Selain itu, ada CLSA Indonesia dengan transaksi Rp84,65 triliun, Macquarie Capital Securities Indonesia dengan nilai Rp82,61 triliun, Morgan Stanley Asia Indoensia dengan nilai Rp81,54 triliun dan Merrill Lynch Indonesia dengan total nilai transaksi Rp62,17 triliun.
Dari sepuluh perusahaan efek itu, hanya satu perusahaan anak usaha Badan Usaha Milik Negara (BUMN) yakni Mandiri Sekuritas yang masuk jajaran dan berada di peringkat keempat dengan total nilai transaksi Rp100,08 triiliun. Melihat data tersebut, jelas tidak ada satupun perusahaan lokal yang masuk dalam jajaran perusahaan efek dengan total nilai transaksi terbanyak.
Pengamat pasar modal dari Universitas Indonesia Budi Frensidy menilai wajar bila sebagian besar perusahaan efek yang memiliki nilai tranaksi terbesar dikuasai oleh asing.
Selama ini, perusahaan sekuritas asing memberikan batas minimum investasi kepada investor yang ingin berinvestasi. Jadi, tidak semua investor bisa menggunakan perusahaan efek asing.
“Perusahaan sekuritas asing ternyata ada batas minimum transaksi harian yang dikenakan, wajar tidak semua investor bisa masuk. Yang masuk itu yang institusi dan investasi besar, kebanyakan asing juga,” kata Budi saat dihubungi Bisnis.com, Senin (15/12/2014).
Dia menggambarkan, saat ini investor di pasar saham 60% merupakan investor asing. Menurutnya, sebagian besar investor asing itu lebih percaya bila menggunakan perusahaan sekuritas asing. Hal inilah yang membuat nilai transaksi perusahaan efek asing terus membuntal.
“Wajar saja kan, mereka banyak, sebagian besar-besar, institusi, yang perusahaan lokal ibaratnya jadi tidak kebagian,” jelasnya.

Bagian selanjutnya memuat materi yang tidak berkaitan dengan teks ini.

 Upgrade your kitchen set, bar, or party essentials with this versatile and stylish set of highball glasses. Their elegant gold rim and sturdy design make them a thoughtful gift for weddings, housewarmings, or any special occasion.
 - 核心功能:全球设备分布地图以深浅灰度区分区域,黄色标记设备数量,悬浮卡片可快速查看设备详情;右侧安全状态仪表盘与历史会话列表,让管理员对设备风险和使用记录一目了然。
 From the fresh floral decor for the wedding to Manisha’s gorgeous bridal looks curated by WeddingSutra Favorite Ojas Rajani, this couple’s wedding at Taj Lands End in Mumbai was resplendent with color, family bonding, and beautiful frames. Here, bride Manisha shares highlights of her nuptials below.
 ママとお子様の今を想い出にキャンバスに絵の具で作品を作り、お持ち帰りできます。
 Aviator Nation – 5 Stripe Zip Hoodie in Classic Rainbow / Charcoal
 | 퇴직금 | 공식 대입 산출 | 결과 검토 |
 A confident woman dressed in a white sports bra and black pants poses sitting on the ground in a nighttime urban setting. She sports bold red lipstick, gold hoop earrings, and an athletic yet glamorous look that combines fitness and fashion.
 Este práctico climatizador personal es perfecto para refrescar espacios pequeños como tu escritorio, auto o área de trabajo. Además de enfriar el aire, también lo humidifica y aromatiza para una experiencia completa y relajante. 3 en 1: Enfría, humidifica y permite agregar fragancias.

Direktur PT Evergreen Capital Rudy Utomo mengatakan untuk bisa bersaing dengan perusahaan efek asing, tidak bisa mengandalkan bantuan pihak otoritas, baik Otoritas Jasa Keuangan (OJK) maupun BEI.

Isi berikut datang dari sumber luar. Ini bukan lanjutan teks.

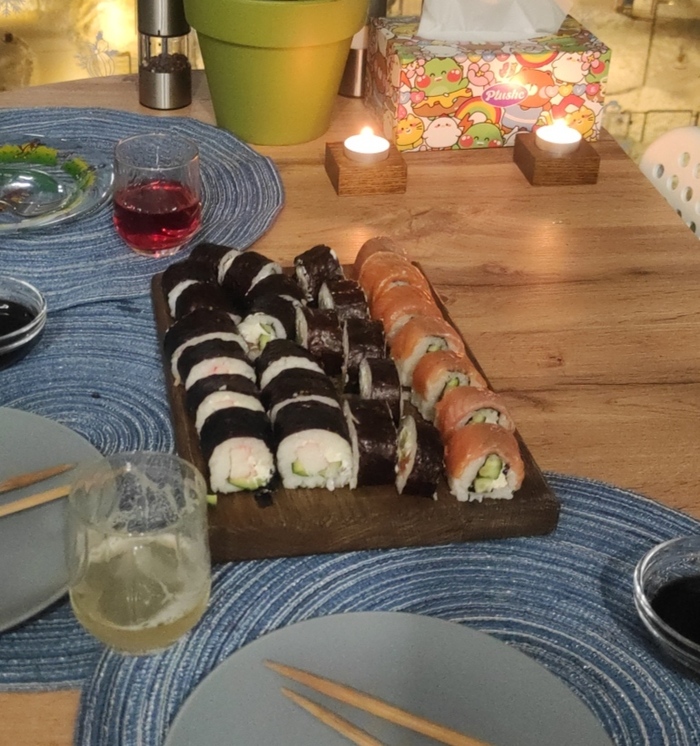 На всё про всё ну максимум полчаса времени. Получается вкуснее чем в кафе, особенно учитывая то, что последнее время все стали дико экономить на ингредиентах, но взвинтили ценники. Если красная рыба, то тооооненький кусочек, прозрачный, который вообще не чувствуется. Стал делать сам, после того как окончательно разочаровался даже в Нияме, где самая обычная Филадельфия из 6 кусочков сейчас, на минуточку, стоит уже 839р, и это в доставке. У меня весь ужин на 3х человек выходит дешевле.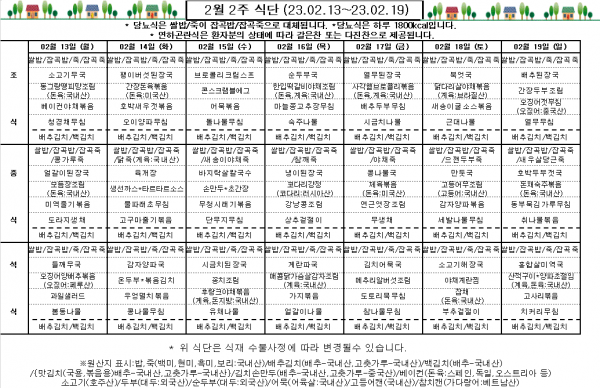 2월 2주 식단표
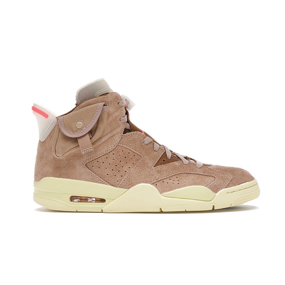 沙漠色主调装扮的 Travis Scott x Air Jordan 6 以一袭质感高级的麂皮材质打造鞋面,无奈发售的时节天气以及回暖,想要上脚确实有些难驾驭。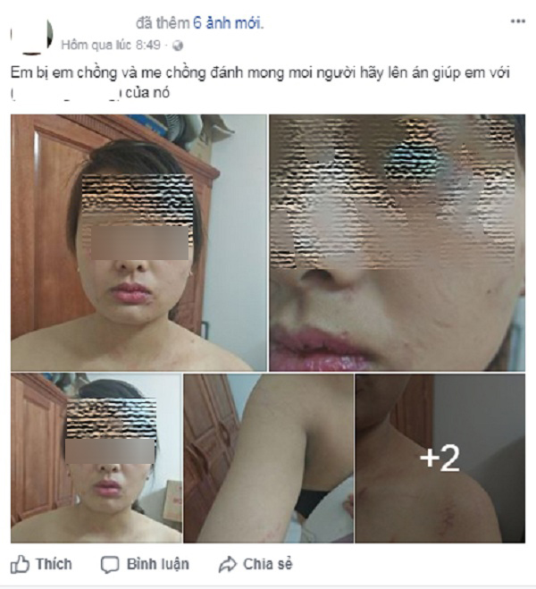 Một cô gái sinh năm 1995 đã chia sẻ lên trang cá nhân về việc bị gia đình nhà chồng bạo hành. Cô cho hay, do không nộp đủ tiền lương cho mẹ chồng, cô đã bị mẹ và em chồng "phạt". Cơ thể bị bầm tím do bị đánh cùng tinh thần hoảng loạn sau vụ việc, cô gái mong mình được bảo vệ khỏi sự tàn nhẫn này.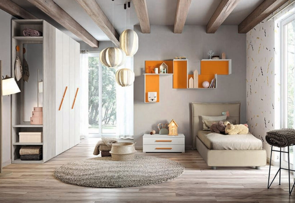 Cameretta moderna nel colore bosco, bianco frassinato e gessato cenere, disponibile in diversi colori e composizioni.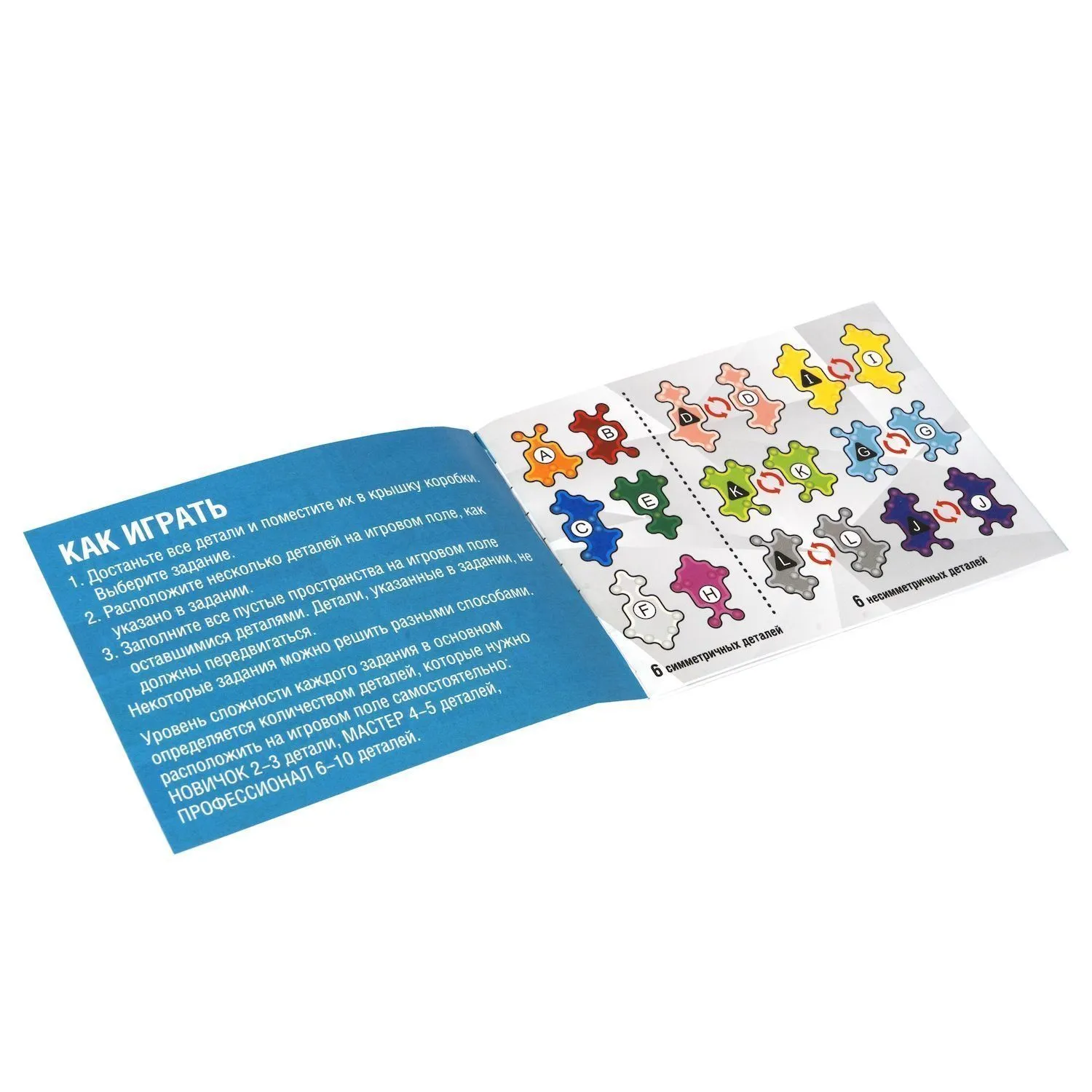 - правила игры: расположи несколько 3Д деталей как указано в задании. Заполни все пустые пространства на игровом поле оставшимися деталями таким образом, чтобы получилось плоское двухмерное изображение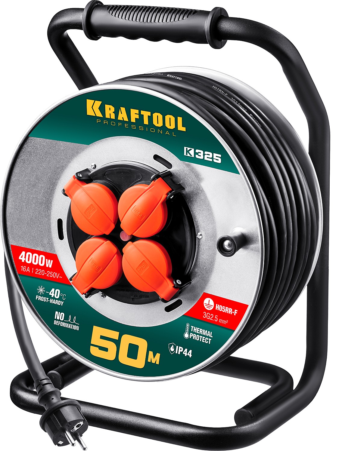KRAFTOOL 50 м, 4000 Вт, 4 гнезда, IP44, КГ 3x2,5 кв мм, удлинитель на катушке 55086-50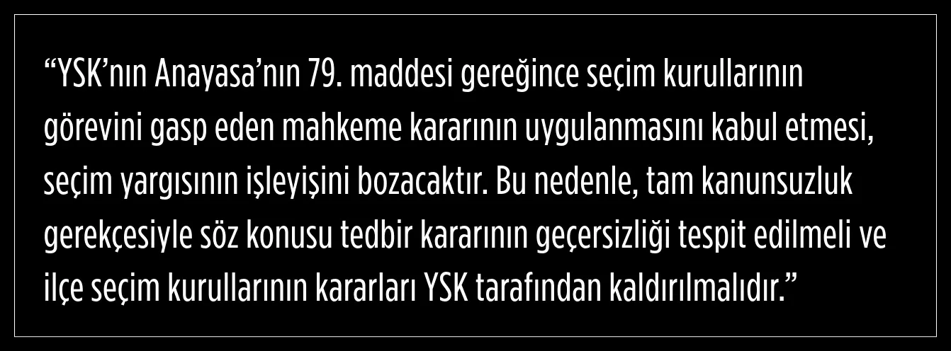 Başvuruda, YSK’den seçim hukukundaki “tam kanunsuzluk” yetkisini kullanarak ilçe seçim kurullarının iptal kararlarını iptal etmesi istendi. Dilekçede şu ifadeler yer aldı:
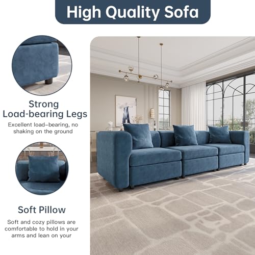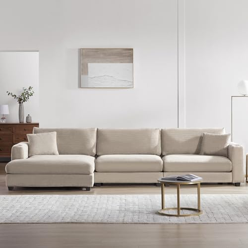 110.6'' Oversized L-Shaped Couch Sectional Sofa - Modern Comfy Deep Seat Settee Sofa 3-Seat Couch Convertible Futon Sofa with Removable Ottoman and Pillows for Living Room Apartment Office

Menurutnya, hal tersebut merupakan kesadaran dari masing-masing perusahaan efek lokal untuk menghadapi persaingan. “Tidak boleh minta bantuan OJK atau BEI, dalam aturan OJK tidak ada yang namanya asing atau lokal. Semua tergantung perusahaan efek masing-masing,” kata Rudy saat dihubungi Bisnis.com, Selasa (16/12/2014).
Menurutnya, tidak semua perusahaan efek lokal tidak dapat bersaing. Dia menyebut PT Indo Premier merupakan perusahaan efek lokal yang saat ini bisa bersaing. “Semua punya strategi masing-masing dalam menghadapi persaingan yang ada, khususya menjelang MEA 2015 ini,” tambahnya.
Perusahaan efek lokal dinilai bisa memaksimalkan potensi investor ritel dan calon investor ritel yang besar. “Perusahaan efek asing tidak melayani ritel yang investasi Rp20 juta, itu kan bisa dilayani oleh lokal. Banyak sebenarnya perusahaan lokal yang memiliki kemampuan seperti asing.”